The company’s zero-emissions business unit, Accelera by Cummins, is teaming up with three other companies for what is estimated to be a $2-3 billion investment that Jennifer Rumsey said will create a “significant number of jobs.”
While the joint venture still requires regulatory approvals, Rumsey said the companies are looking to get ahead of what will be a big shift toward electric commercial vehicles.
“It’s a pretty significant investment in this new plant,” Rumsey said. “That allows us to share that investment and create cells that we believe will have scale as the transition begins to occur, and then each of us can take those cells and design and produce battery packs.”
Accelera will have an equal 30% share in the joint venture with Daimler Trucks North America in Oregon and Washington-based Paccar. The venture’s technology partner, EVE Energy in Ohio, will have a 10% share.
Rumsey said with the need to invest in a range of battery-related solutions, companies are looking at ways to partner with others and share in that investment.
She said the commercial vehicle market requires a sense of cost efficiency as well as life and durability requirements for battery cells. That’s why the joint venture plans to develop lithium-iron-phosphate, or LFP, batteries for commercial battery-electric trucks.
“We believe [these batteries] will have a cost advantage because of the chemistry that doesn’t rely on some of the harder-to-come-by metals as well as the design of the cell and how that integrates into the pack,” she said. “It’ll be lower cost and it has twice the life cycles of a NMC, which is another common chemistry that’s used in passenger cars.”

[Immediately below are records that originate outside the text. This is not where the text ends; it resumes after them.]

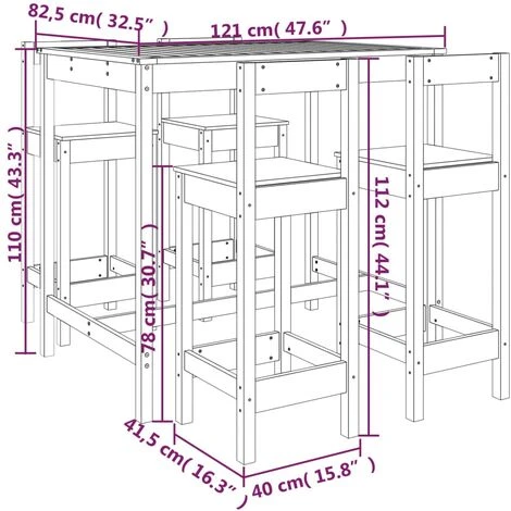- Dimensiones de la mesa alta: 121 x 82,5 x 110 cm (ancho x profundo x alto)
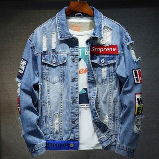 유블리 남성 데님 자켓 라벨 찢청 루즈핏 청자켓 폭스
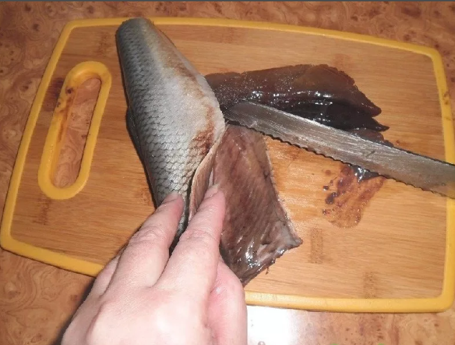 Еще один способ — накрыть доску пергаментной бумагой или пищевой пленкой. Нож тоже имеет не маловажное значение, он должен быть длинным, узким и острым, чтобы с легкостью избавиться от плавников и кожи.
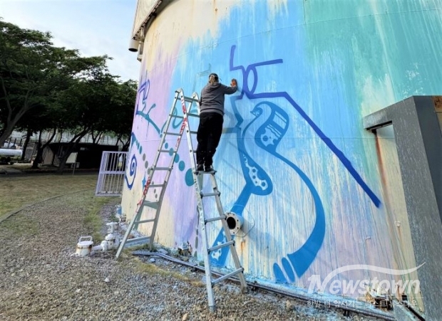 [뉴스타운/송은경 기자] 시흥시 맑은물상상누리의 대형 가스통이 그래피티 작품으로 변신했다. 스페인의 유명 그래피티 작가 2인이 맑은물상상누리의 놀이통 외벽을 캔버스 삼아 개성 가득한 대형 그래피티 작품을 선보인 것이다.
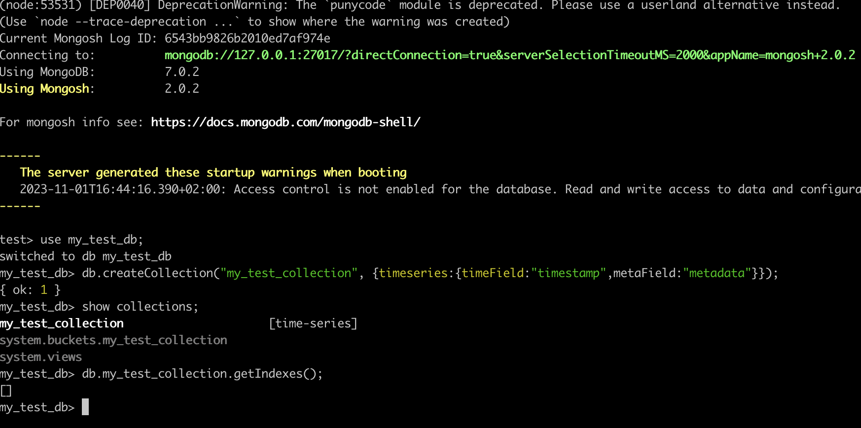 db.createCollection("my_test_collection", {timeseries:{timeField:"timestamp",metaField:"metadata"}});
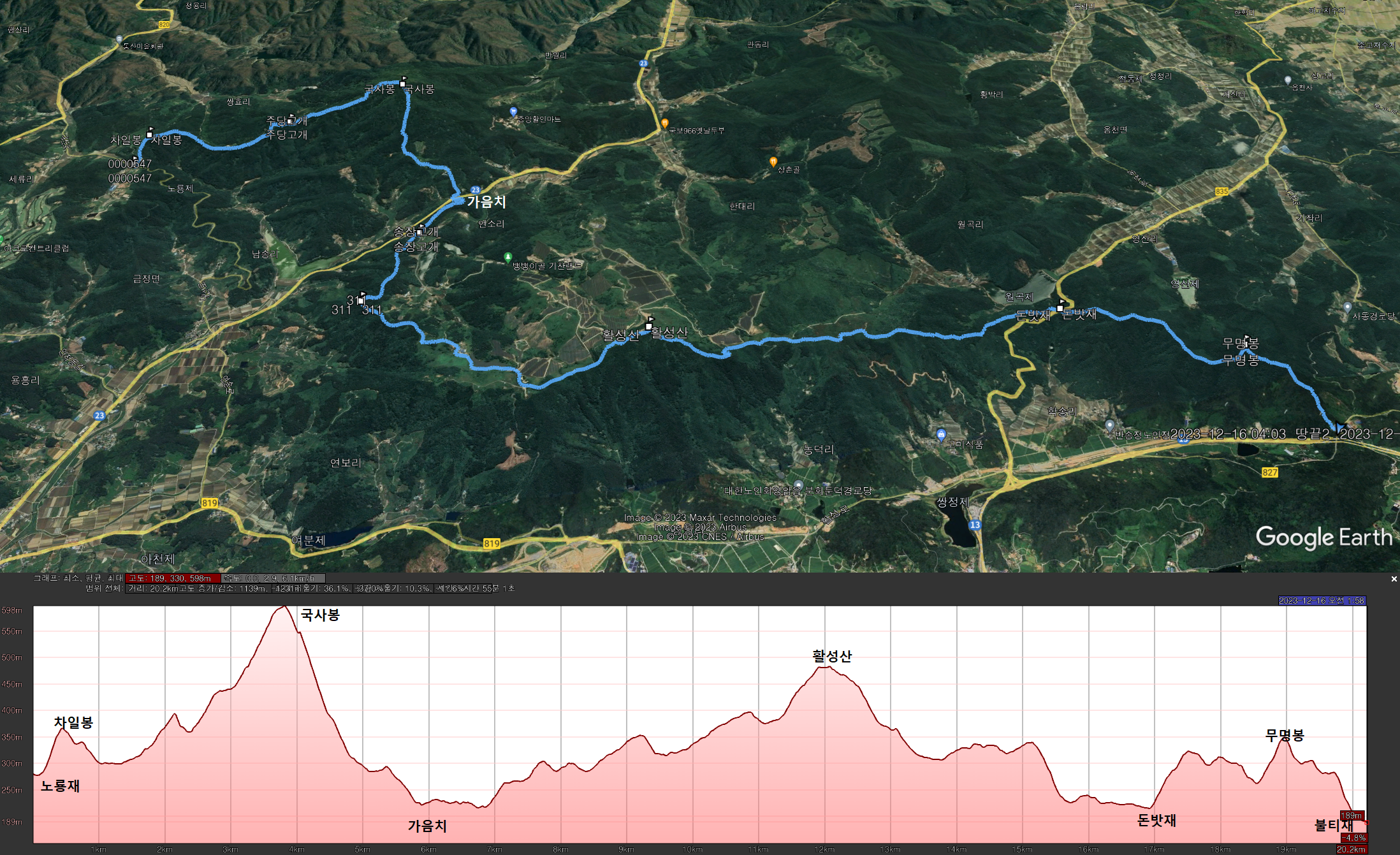 - 03시55분 : 노룡재 도착
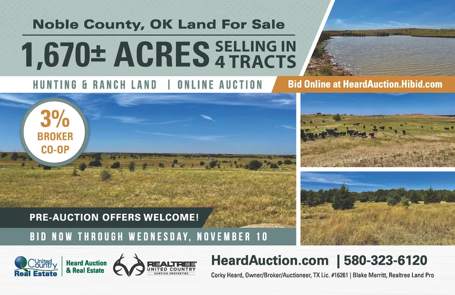 This Billings acreage in Noble County, OK will be sold via ONLINE ONLY AUCTION with bidding starting October 13th, 2021 and ending November 10th, 2021. Great hunting and grazing with tons of ponds. Just a few minutes west of I-35 and a short drive east of Enid, OK!
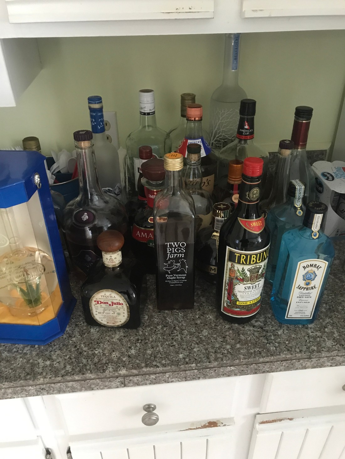 Being alone, I did not give into temptation and let the bottles be. The dark Jamaican rum and ginger beer was particularly enticing. If I had some lime, I don’t think I could have resisted. Instead, I mowed their lawn as a thank you. Busy hands and all that.
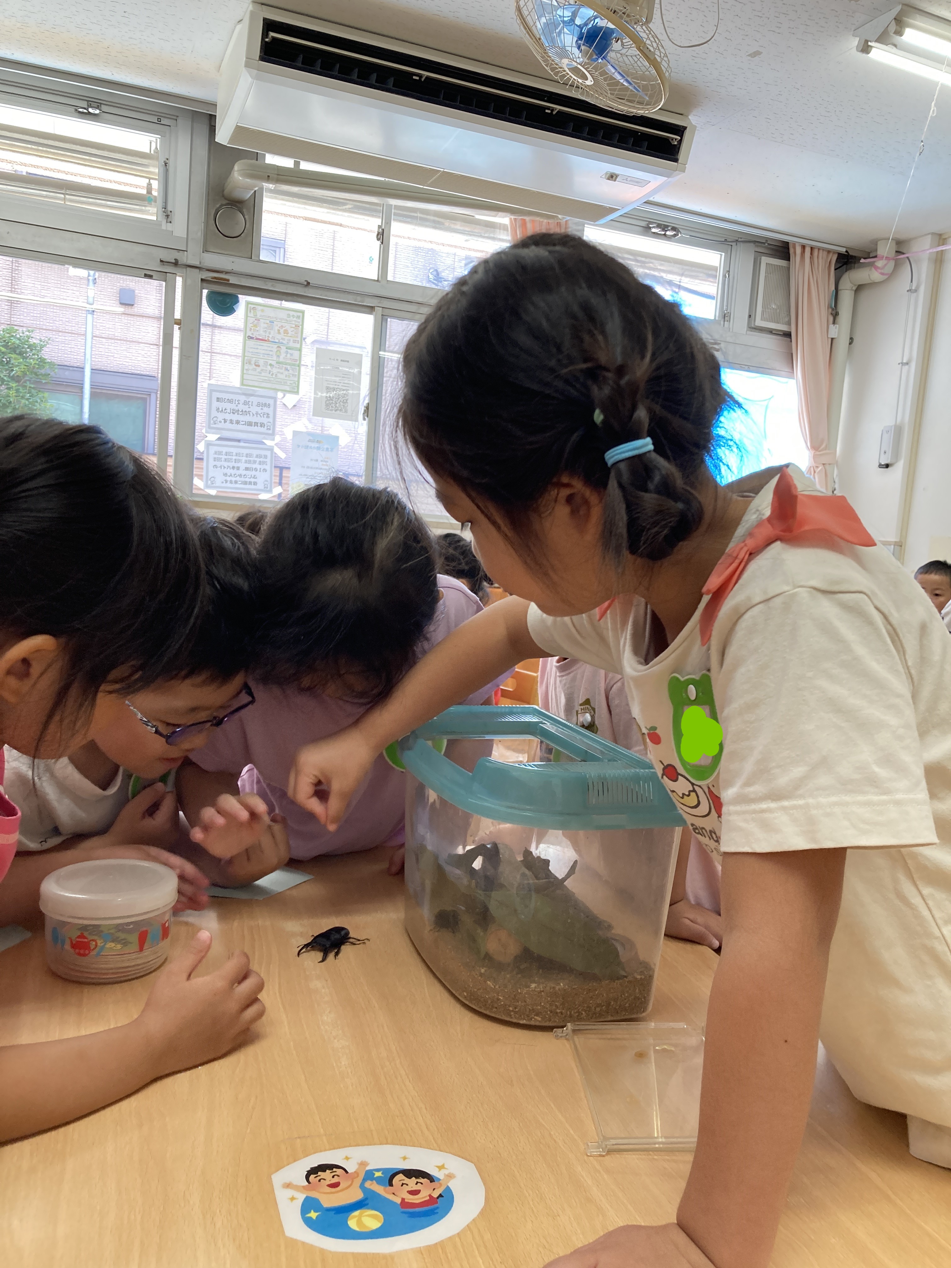 専用のケースで数匹ずつお部屋に持ってきて、観察することも楽しんでいます。

But will the new manufacturing plant be located in Indiana? Rumsey said the partners are in the final stages of evaluating several sites across the U.S. However, she added regardless of where the plant is built, it will support operations in Indiana.

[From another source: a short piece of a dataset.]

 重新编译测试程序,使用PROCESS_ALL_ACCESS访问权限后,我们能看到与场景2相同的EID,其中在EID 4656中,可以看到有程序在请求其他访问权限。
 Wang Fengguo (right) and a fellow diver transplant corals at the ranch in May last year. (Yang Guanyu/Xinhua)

“We are today at Accelera by Cummins, making battery packs in our plant here in Columbus, Indiana, and that business is going to grow over time,” she said. “For Cummins, it’s relatively small today, because these technologies are just starting to be adopted, [but] we’re projecting it’ll grow to $6-13 billion by 2030. And so there’s a lot of opportunities to grow, and these battery cells will play a role in creating jobs here in Indiana, for sure.”
The joint venture aims to begin production in 2027. When at full capacity, Rumsey said the plant will be able to produce 21 gigawatt hours of battery cells.